People will notice that confidence in servers if they haven’t been back since February, Brumm said. The menu is simple and solid and the restaurant staff knows guests will enjoy what they recommend.
One example of simplification is the sides to go with steak. The new menu has many old favorites and many "composed" entrees, but it also has à la carte options allowing diners to choose their steak and choose their sides.
"Butcher’s has always had great steak, but there needs to be creativity and liveliness to the food," Brumm said.
Another change is seafood. No more frozen stuff.
After working in Florida for several years, Brumm knows the power of fresh salmon, halibut and tuna. He’s noticed that people in the Mountain West are wary of seafood because they couldn’t get it fresh. With jets and airplanes, those days are gone, he said.
Brumm came here directly from Nashville where he owned his own restaurant. He said resort towns like Park City have a "tighter grouping of better restaurants" than large cities like Nashville. He believes it’s for two reasons.
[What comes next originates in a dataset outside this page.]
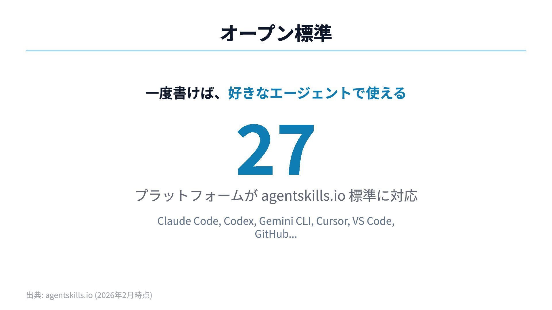 対応ツール: Claude Code / Codex ほか agentskills.io 標準準拠ツール全般。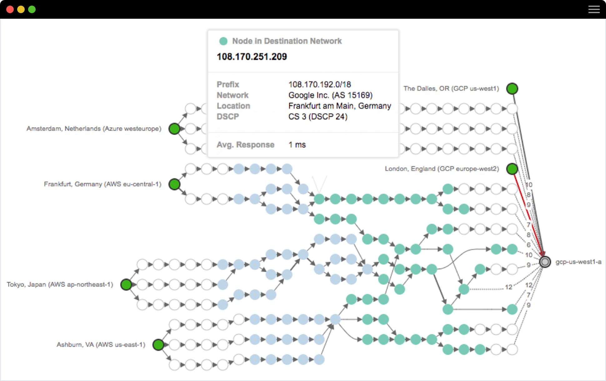 - ThousandEyes path visualization shows the hop-by-hop network path and health between test agents and Google Cloud Services, helping you isolate issues related to loss, latency, and network routing in order to rapidly determine if it’s being caused by the application service or the network.

The first is that it takes amazing quality to get the locals out and stay open 12 months of the year.
The second is that tourists who travel the world know good food and expect it on their vacations.
"You can’t fake it," he said.
That’s why his kitchen makes everything from scratch: desserts, sauces, even stock.
O’Brien said he’s especially impressed with the "southern flair" Brumm brings with him from Tennessee.
"That allows us to continue doing what we do best, but update things a little bit. Especially in this economy, you need a little change, but nothing too drastic," O’Brien said.
Pleasing locals is important to Butcher’s, O’Brien said. That’s part of the reason they made such a major change half-way through the ski season.
Chris McKenbry eats at Butcher’s two or three times a month. He said he loves steak and was really disappointed by the menu changes made by the previous chef. He still hasn’t seen the return of some of his favorites such as the prime rib dip sandwich.
McKenbry said he’s noticed the return of popular items over the past few months and is glad for the effort being made.